I watched her sit on the edge, legs dangling over the side and contemplating everything. Going over her options once again, for the millionth time that night. I saw the look in her eyes and it told me that she had nothing left to lose- not even me. Her pain kept her sane through the inevitability of this situation and you know what she did? She carried on. She turned away from the ledge, tear stained cheeks and eyes blood shot red and she simply carried on.

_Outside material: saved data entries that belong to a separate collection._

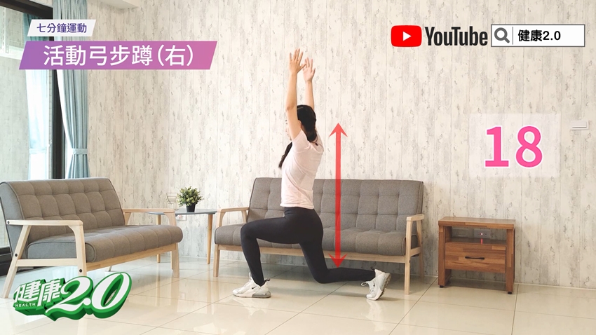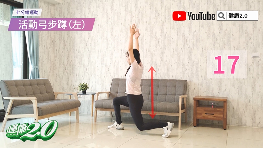 雙手往天花板伸直,左腳蹲著彎曲呈90度,右腳放在後方,膝蓋不碰地呈弓步;接著身體上下活動,重複動作30秒。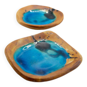Lot de 2 Vides poches en céramique des années 50, signés ACCOLAY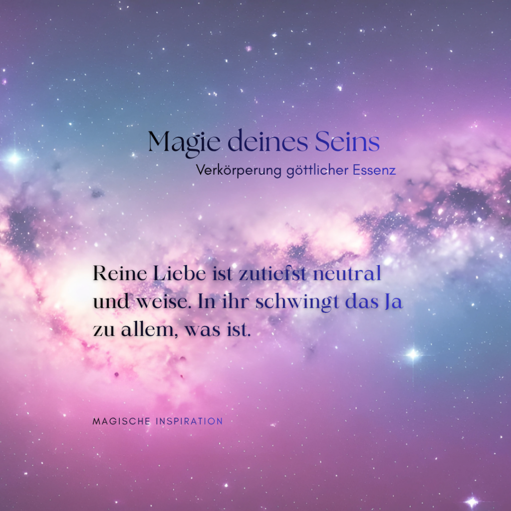 Reine Liebe ist zutiefst neutral und weise. In ihr schwingt das Ja zu allem, was ist. Reine Liebe zweifelt nicht. Sie ist unbequem und wild und sie fordert auf zu fühlen – sie rüttelt und treibt an, all das zu fühlen, was bisher nicht gefühlt werden konnte. Sie schiebt dich in die Erinnerung, dass du zu Ende geliebt worden bist.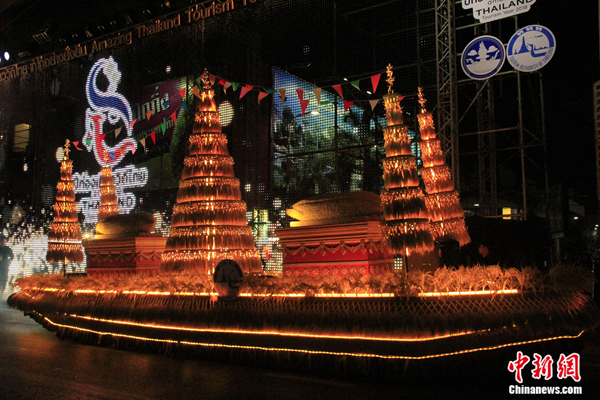当地时间15日晚,“神奇泰国”花车巡游活动在曼谷市中心举行。泰国副总理塔纳萨宣布,泰国2018旅游年正式启动。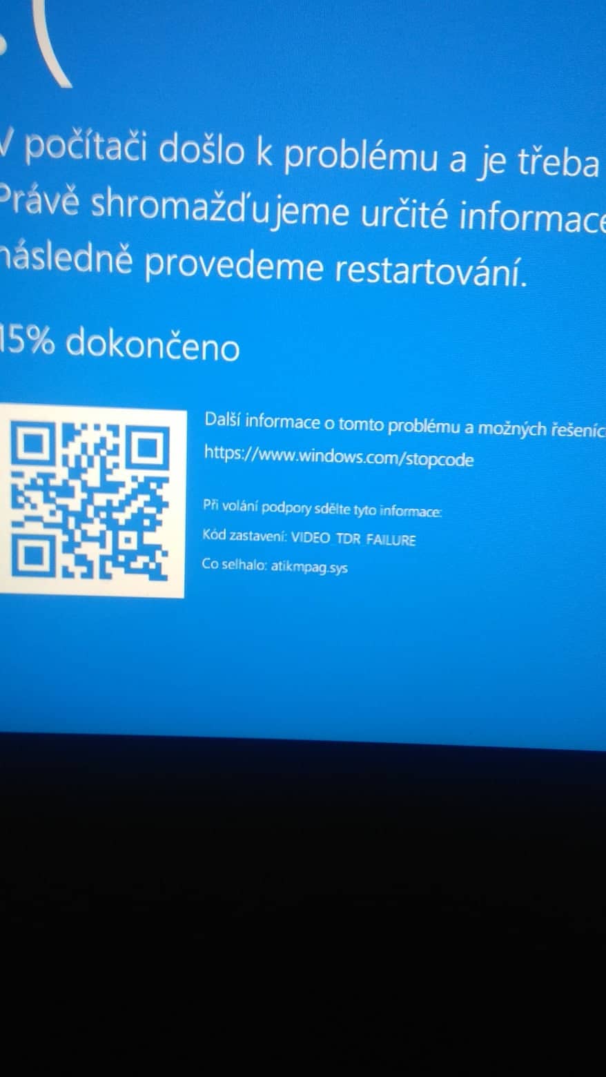 Zdravím. Dne jsem zaznamenal problém, když jsem dělal něco windows. Instaloval jsem doporučené ovladače grafické karty a zničeho začal problikávat monitor, asi tak 10 krát probliknul, pak se vrátil na plochu. Ovladače se mezitím nainstalovaly. Poté se , ale počítač restartoval a naběhla bluescreen, stihl jsem to vyfotit. v příloze foto: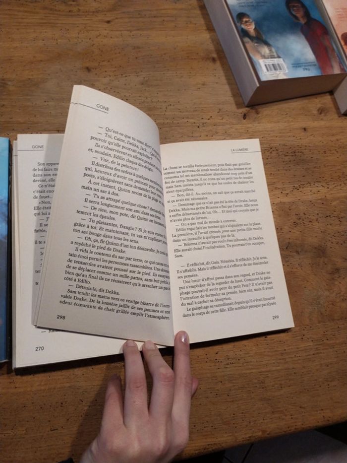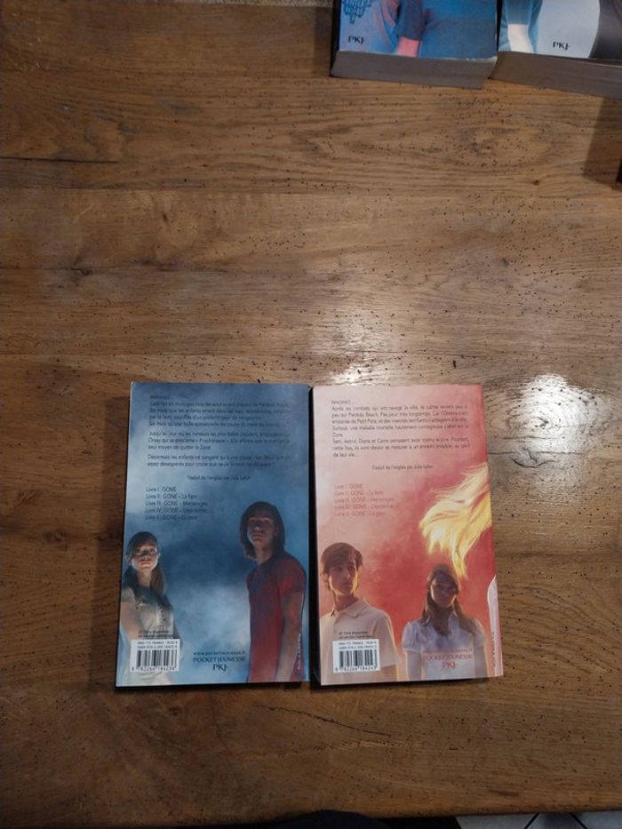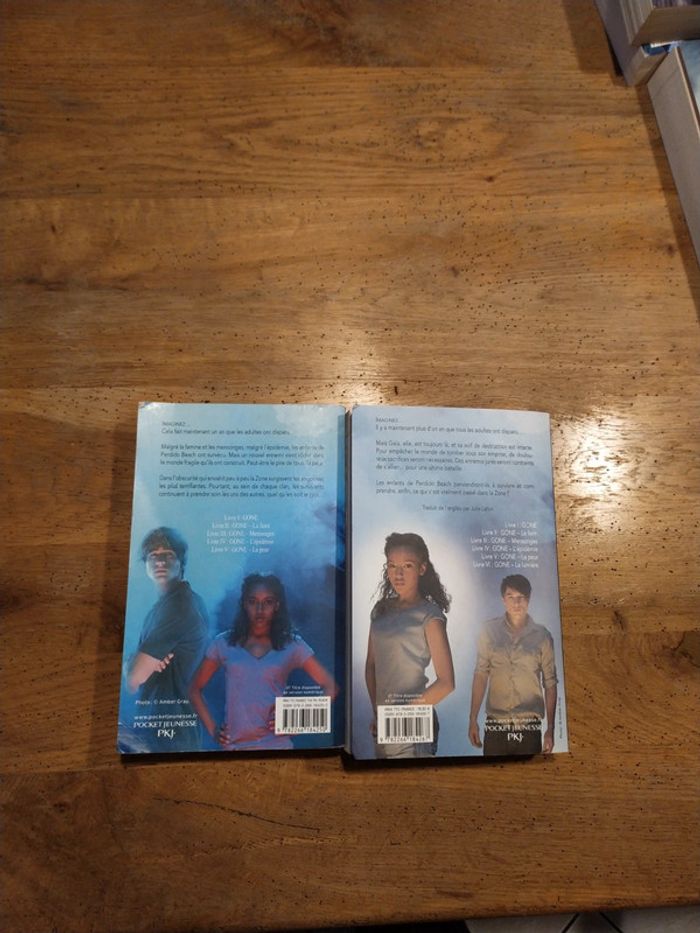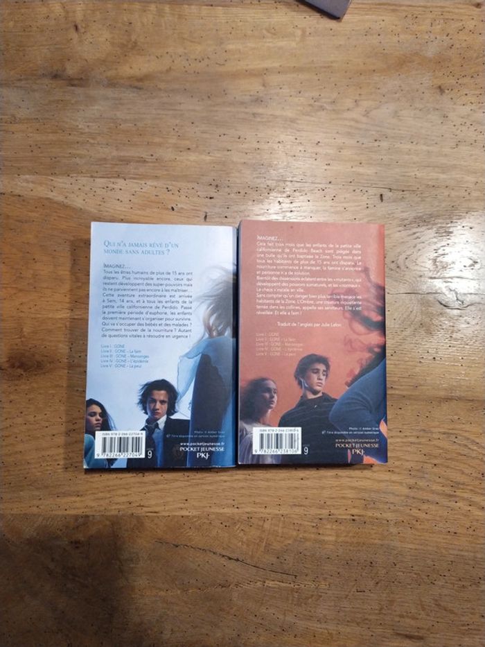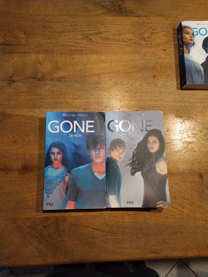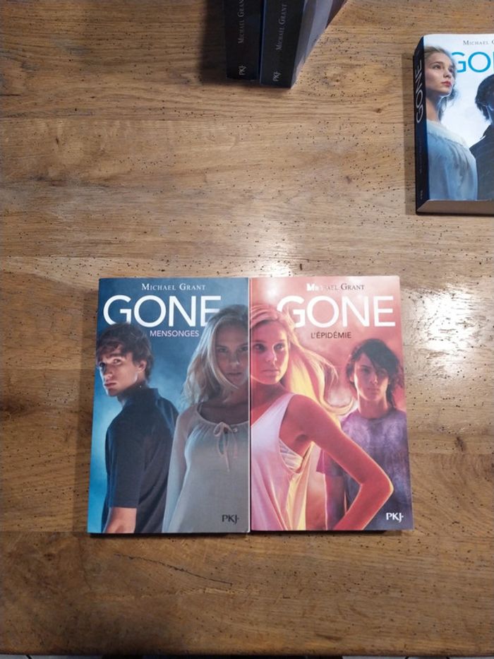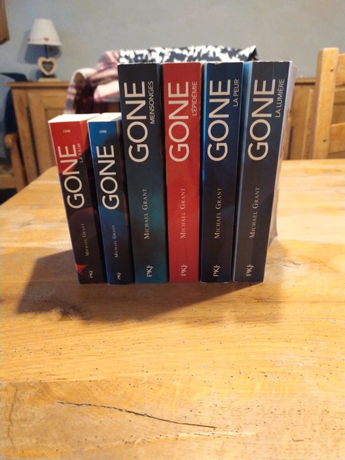 Serie complete des 6 livres Gone 1- Gone 2- La faim 3- Mensonges 4- L'épidémie 5- La peur 6- La lumiere Resumé du tome 1 : " En plein cours d'histoire, Sam et ses amis sont en train de prendre des notes quand tout à coup, le professeur disparaît. Affolés, ils sortent de classe et se rendent compte qu'il n'y a plus aucun être humain de plus de 15 ans : ils se sont tous volatilisés. Plus incroyable encore, certains de ceux qui restent développent des super-pouvoirs mais ils ne parviennent pas encore à les maîtriser…Cette aventure extraordinaire est arrivée à Sam, 14 ans, et à tous les enfants de la petite ville californienne de Perdido Beach. Passé la première période d'euphorie, les enfants et adolescents doivent maintenant s'organiser pour survivre. Qui va s'occuper des bébés et des malades ? Comment trouver de la nourriture ? Autant de questions vitales à résoudre d'urgence ! Sam devient malgré lui l'un des responsables de l'organisation mais il va devoir affronter d'autres chefs de bandes, aux idées beaucoup plus sombres…"

She tells me, “prayer is the answer, that’s all they ever said to me. They never once asked why it was I felt this way. They never allowed me to explain that my faith was the only thing keeping me here.” She didn’t need to tell me much else because it was then that the penny finally dropped. Her depression was not a measure of her faith in God, faith in her religion and faith in herself. How can I tell her that these demons are all a figment of her imagination? How can I tell her that if her faith were stronger, she would not feel this way? How can I tell her that she is not a woman of God and that her struggles are enough to make this evident?
I can’t.
Coming from Asian heritage and a Muslim background, I am able to understand all too well that mental health and illnesses are completely taboo and most definitely not spoken of. Now, I find that to be very strange considering the staggering rates of depression and other mental health related issues that lie beneath the surface of our community. In fact, the statistics on the numbers of Asian people in the United Kingdom with mental health problems are inconsistent, although it has been suggested that mental health problems are often unrecognised or not diagnosed in this ethnic group. And for the most part, any sort of treatment is unsuitable to the very few individuals that have been diagnosed because, as a majority, they are seen as spiritual and holistic individuals rather than having physical attributes that are, in an uncertain number of situations, able to control and help those suffering, and this then goes on to cause more and more problems for those that already feel so alone.
“I see it though, I see it now and I think I should make that evident. I walked away and amongst some beautiful moments too, I just walked away. But me? I am a beautiful ruin, and that, to me, is okay. My mental state does not depreciate my outer beauty and it does not make me any less of who I am, and that my darling, is the beauty I can see in me. Only now, I see it in me, and I pray you see it too.”
What am I to do now? I didn’t have to say it- she saw it in my eyes. An understanding I thought I had, blown to pieces and really, I knew nothing of it at all. Her faith was the only thing that brought her home. It was the only thing that allowed her to see the beauty in what is her apocalypse. And how are you able to see goodness in the end of it all? She tells me, cling on to that which gives you a glimpse of faith and never let it go, my love. Sat blurry eyed besides her, tissues strewn across my lap and heart heavy, I see now that she is more than her depression and she is more than her faith. She is simply her and my, what a glorious sight that is.
Breath taking, I cannot look away from her reality. Did I reflect on my own through her? Gosh, she’d have taught me nothing at all had I not. The most painful lesson I ever learnt and let go of- in death do we find beauty and in demise do we find clarity, and let it be known that in the ugliest parts of humanity, we can find love and we can find faith. Ask her again and I promise she’ll tell me over and over.